Which is incredibly frustrating — and destroys any chance of the author selling their plastic garbage to screen reader users.
Unicode contains over
100000 letters and symbols and they add more every year.
To have an image saved on your device for every single one of these symbols would take up a lot of memory — and be a lot of work for the device creators.
It's not surprising that many devices don't render these symbols at all. Instead they show a bunch of squares.
This is a familiar experience for anyone who has received a message containing a brand new emoji!
How to solve these issues
Social media and messaging apps
Some social media sites and messaging apps allow you write bold and italic text — and have unintentionally made this a hidden feature.
However, many sites and apps don't allow users to style text. So the simple solution is don't use these symbols — I hope this article has convinced you not to.
Instead allow the content of your words to speak for themselves — or just quit social media and go outside a look at a flower.
If you're new to web development and want to stylise text — then you need to learn some
css. You can learn more about it here — MDN — CSS: Cascading Style Sheets
If you need to use these symbols on your website — like they are used on this page — and want screen readers to read them correctly — wrap them in an element with the
aria-label attribute, like so:
<span aria-label="your text">𝕪𝕠𝕦𝕣 𝕥𝕖𝕩𝕥</span>
or if the symbols you are using a purely decorative, and have no meaning for the reader. Use an
aria-hidden attribute instead.
Association with spam and scams
In addition to accessibility issues — unicode symbols like these have a strong association with spam and online scams.
One of the ways email and text message spam filters detect a spam message is by searching the email's content for specific words or phrases.
Some spammers hope to avoid detection by replacing these words or specific letters in these words with stylized characters.
Because of this, many people associate these stylised characters with spam.
Confusables and homoglyph attacks
Scarier than spam. Criminal hackers use these unicode characters to trick you into giving up access to your online accounts.
For example — lets say your example bank has a website with the example url
Someone may send you an email pretending to be your bank asking you to log into your account.
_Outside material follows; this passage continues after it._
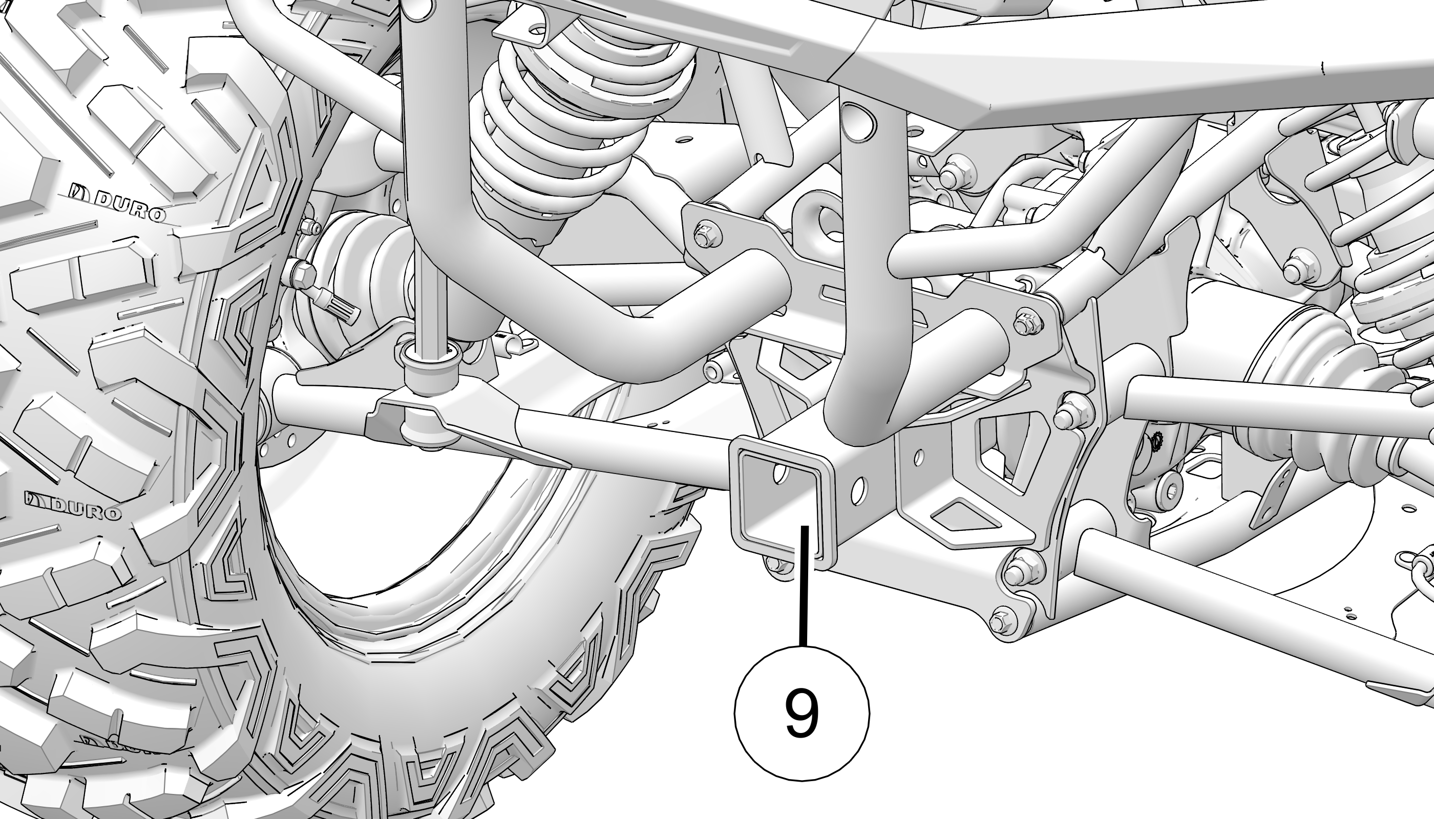 The Hitch Capacity label 9 is located on the hitch bracket.

It looks real, so you click on the link — and the link opens a website that looks identical to your bank's website.
url is the same — but it's not the same! Instead of saying
example.com it says
𝚎𝚡𝚊𝚖𝚙𝚕𝚎.com or subtler still
еxample.com. (this one uses a Cyrillic
This is called a homoglyph attack — a homoglyph is a character that looks very similar to another character.
Unicode keeps a catalogue of all these homoglyphs to help people build tools to prevent such attacks. Unicode refers to them as
Avoid the association
The association with spams, scams, online crime, make these unicode character extra worthwhile not to use.
You may even find that your emails and text messages go straight to people's junk mail.